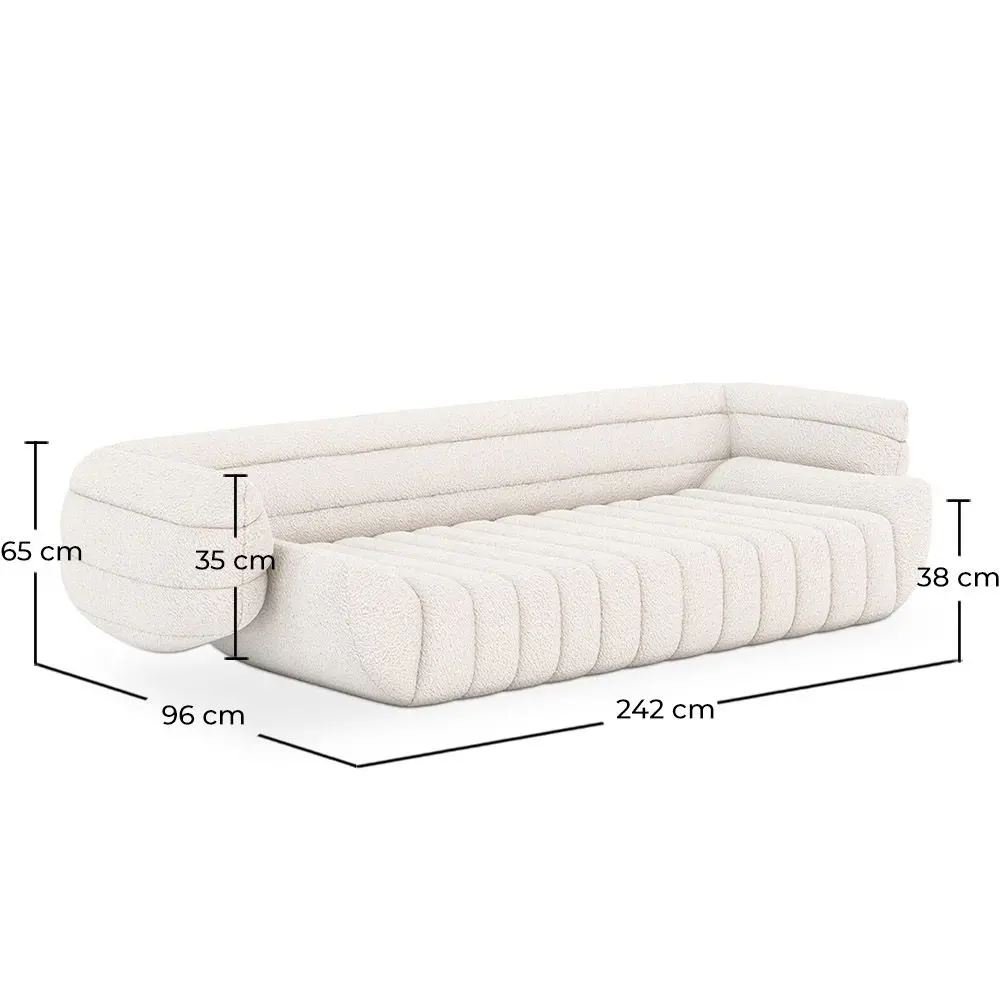 Dieses 3/4-Sitzer-Sofa mit Bouclé-Stoffbezug eignet sich perfekt, um Ihrem Wohnzimmer eine moderne und elegante Note zu verleihen. Sein extra langer Sitz, aus Imitat Schaffell-Stoff, ist ideal, um bequem zu entspannen oder die Gesellschaft von Familie und Freunden zu genießen. Das luxuriöse Design ist aus hochwertigen Materialien gefertigt, so dass das Produkt viele Jahre lang ohne Verlust seiner Eleganz hält, Ihre Investition wird belohnt.
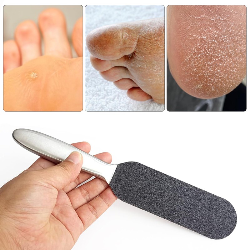 - Hochwertiges Edelstahlmaterial: Unsere Fußfeile ist aus hochwertigem Edelstahl gefertigt. Dieser Materialtyp ist robust, widerstandsfähig und langlebig, was eine zuverlässige Reinigung und Entfernung von Hornhaut garantieren.
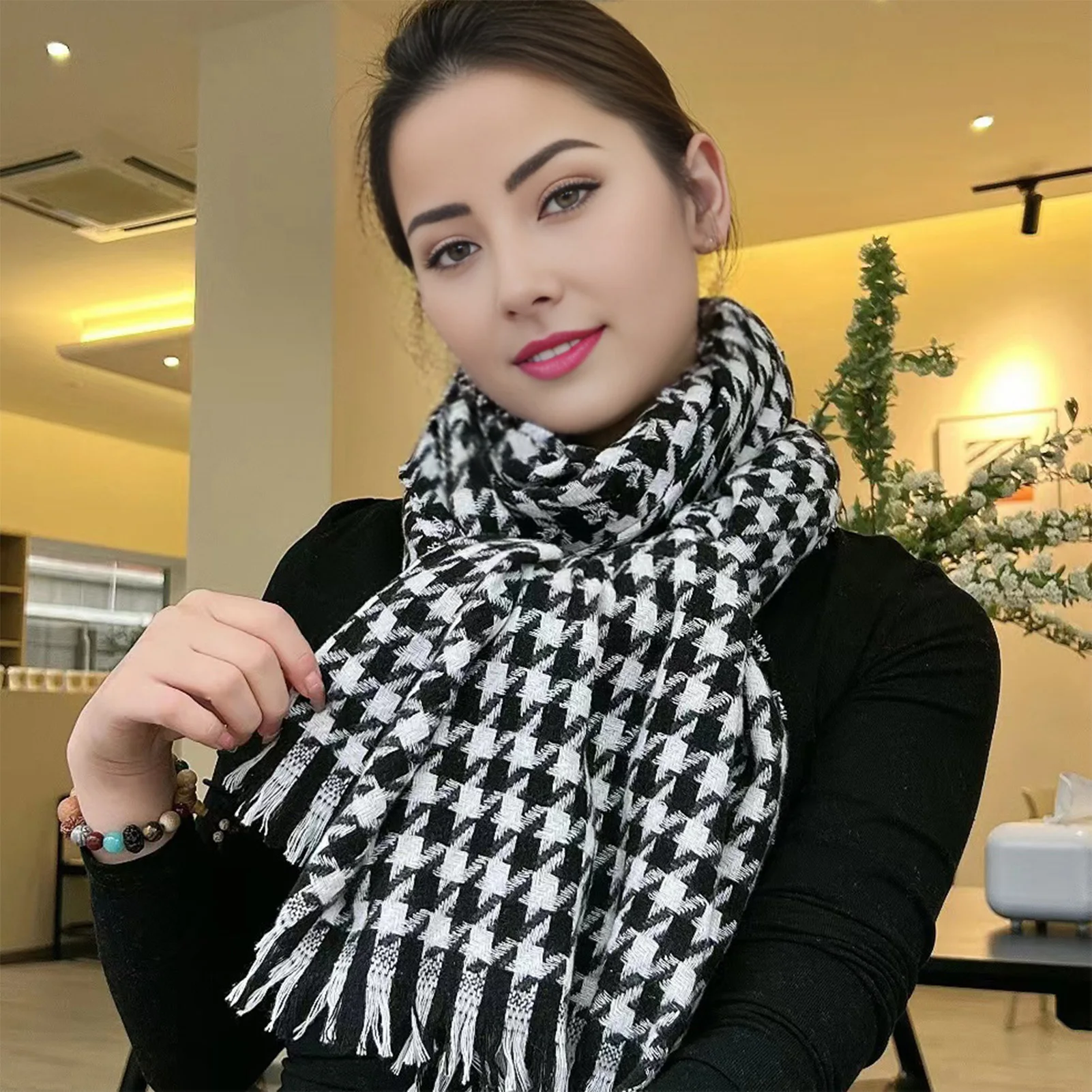 Plaid Pattern Design: Our women's warm scarves feature a stylish plaid pattern design, adding a touch of elegance to your winter outfit. Stay fashionable and cozy at the same time.
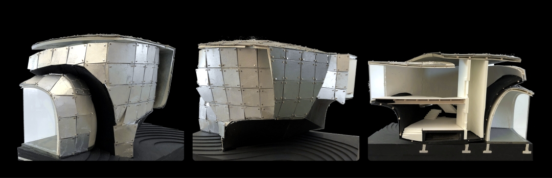As a piece of architecture, the museum integrates itself with the surrounding landscape in ways that are not immediately, physically apparent. A monolithic, metallic collection of forms, the museum appears foreign, like an object that could exist anywhere in the world. The structure exists as it is because of the specific site’s landscape. Land that is carved away to create a passage beneath the museum manifests itself in the circulation of the museum, ascending and descending from a brief peak. The museum interior becomes a continuation of what the landscape used to be, while the landscape itself has been reshaped, defined by its previous form.
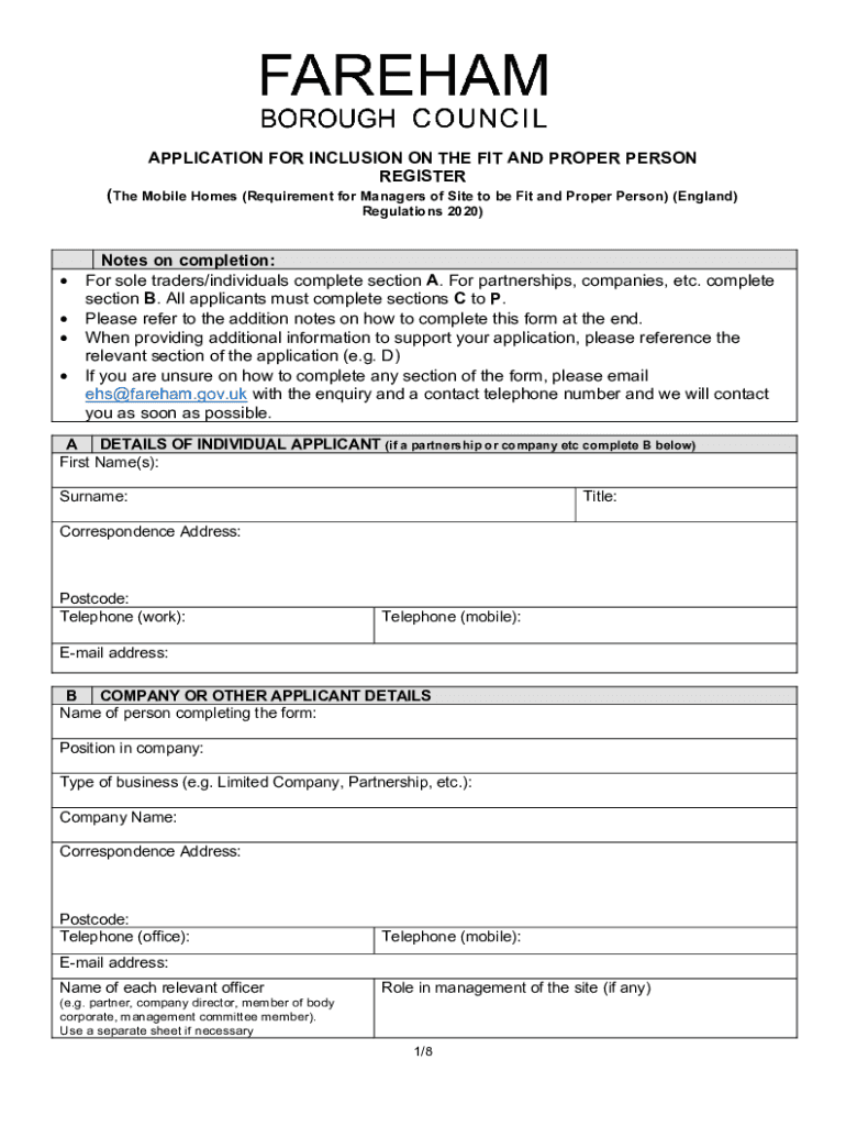 APPLICATION FOR INCLUSION ON THE FIT AND PROPER PERSON REGISTER×The Mobile Homes (Requirement for Managers of Site to be Fit and Proper Person) (England) Regulations 2020) Notes on completion: For
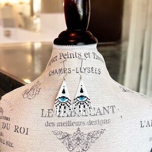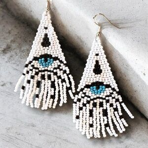 Evil Eye Seed Bead Fringe Earrings: Boho Dangle Earrings Handcrafted White Blue
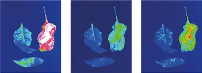 Multispectral imaging example with intact leaf (left) dead dry leaf (right) and stress-damaged leaf (bottom)
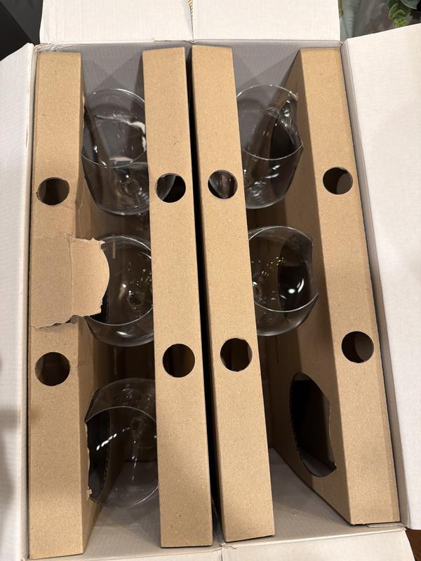 I ordered two sets of these as Christmas presents (we own the same glasses and love them)! The boxes were shipped inside a cardboard box with zero protection around the individual wine glasses. The moment I picked up the shipping box from our porch, all I could hear was shattered glass inside. SO DISAPPOINTING! I now see many other reviewers with the same issue. Do better, Lenox! These were shipped from the manufacturer directly, according to the label. 2 stars because I love the glasses, but not if they are broken in a million pieces. :(
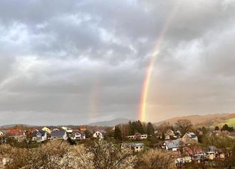 Der Schaumberg am Horizont, eingerahmt von einem doppelten Regenbogen. Blick von der Friedhofstraße in Thalexweiler.
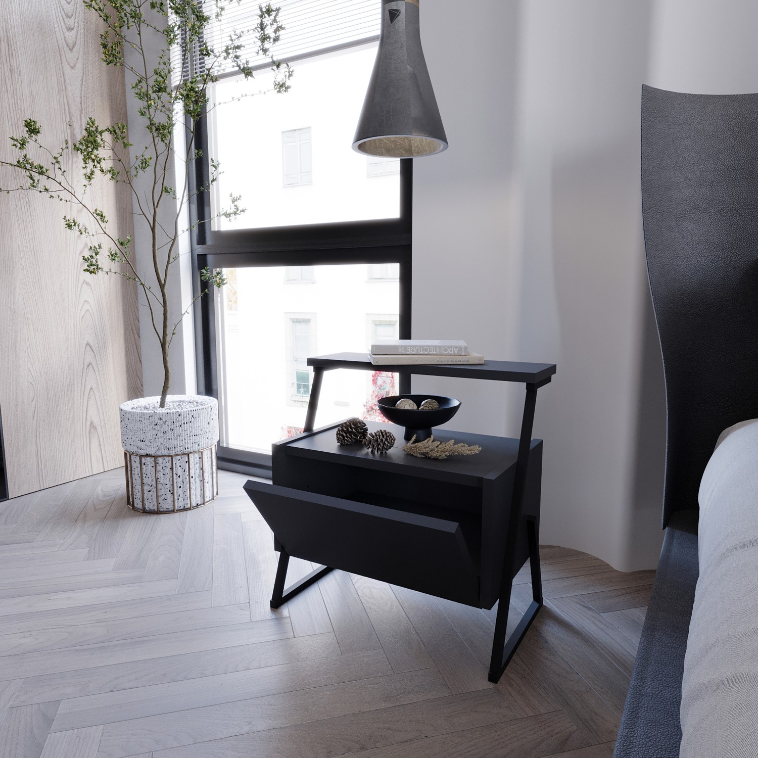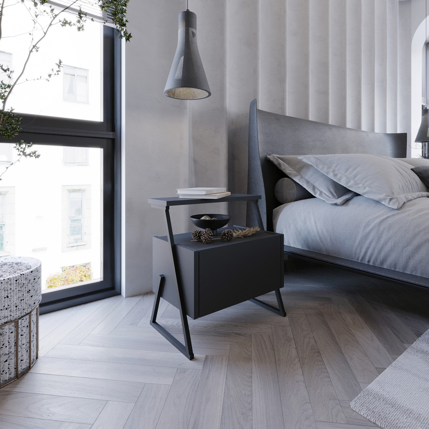 Bütün gövdeyi birleştiren metal ayaklı sağlam yapısı ile uzun kullanım ömrünün yanında dekoratif bir görünüm sunan ZAMAN Komodin işlevsel özellikleri ile beğenilerinize sunuluyor. Düşer kapaklı bölmesini eşyalarınızı gizlemeniz için kullanırken günlük kullanımda size kullanım kolaylığı sunan bir üst rafa da sahip. Yüksek ayak yapısı sayesinde alt kısmı kolayca temizlenebilmekte ve robot süpürgeler alt kısmına girebilmektedir.

■ What to do: Apart from the images, reproduce the listing exactly as it appears.

■ Response box:
 Dieses 3/4-Sitzer-Sofa mit Bouclé-Stoffbezug eignet sich perfekt, um Ihrem Wohnzimmer eine moderne und elegante Note zu verleihen. Sein extra langer Sitz, aus Imitat Schaffell-Stoff, ist ideal, um bequem zu entspannen oder die Gesellschaft von Familie und Freunden zu genießen. Das luxuriöse Design ist aus hochwertigen Materialien gefertigt, so dass das Produkt viele Jahre lang ohne Verlust seiner Eleganz hält, Ihre Investition wird belohnt.
 - Hochwertiges Edelstahlmaterial: Unsere Fußfeile ist aus hochwertigem Edelstahl gefertigt. Dieser Materialtyp ist robust, widerstandsfähig und langlebig, was eine zuverlässige Reinigung und Entfernung von Hornhaut garantieren.
 Plaid Pattern Design: Our women's warm scarves feature a stylish plaid pattern design, adding a touch of elegance to your winter outfit. Stay fashionable and cozy at the same time.
As a piece of architecture, the museum integrates itself with the surrounding landscape in ways that are not immediately, physically apparent. A monolithic, metallic collection of forms, the museum appears foreign, like an object that could exist anywhere in the world. The structure exists as it is because of the specific site’s landscape. Land that is carved away to create a passage beneath the museum manifests itself in the circulation of the museum, ascending and descending from a brief peak. The museum interior becomes a continuation of what the landscape used to be, while the landscape itself has been reshaped, defined by its previous form.
 APPLICATION FOR INCLUSION ON THE FIT AND PROPER PERSON REGISTER×The Mobile Homes (Requirement for Managers of Site to be Fit and Proper Person) (England) Regulations 2020) Notes on completion: For
 Evil Eye Seed Bead Fringe Earrings: Boho Dangle Earrings Handcrafted White Blue
 Multispectral imaging example with intact leaf (left) dead dry leaf (right) and stress-damaged leaf (bottom)
 I ordered two sets of these as Christmas presents (we own the same glasses and love them)! The boxes were shipped inside a cardboard box with zero protection around the individual wine glasses. The moment I picked up the shipping box from our porch, all I could hear was shattered glass inside. SO DISAPPOINTING! I now see many other reviewers with the same issue. Do better, Lenox! These were shipped from the manufacturer directly, according to the label. 2 stars because I love the glasses, but not if they are broken in a million pieces. :(
 Der Schaumberg am Horizont, eingerahmt von einem doppelten Regenbogen. Blick von der Friedhofstraße in Thalexweiler.
 Bütün gövdeyi birleştiren metal ayaklı sağlam yapısı ile uzun kullanım ömrünün yanında dekoratif bir görünüm sunan ZAMAN Komodin işlevsel özellikleri ile beğenilerinize sunuluyor. Düşer kapaklı bölmesini eşyalarınızı gizlemeniz için kullanırken günlük kullanımda size kullanım kolaylığı sunan bir üst rafa da sahip. Yüksek ayak yapısı sayesinde alt kısmı kolayca temizlenebilmekte ve robot süpürgeler alt kısmına girebilmektedir.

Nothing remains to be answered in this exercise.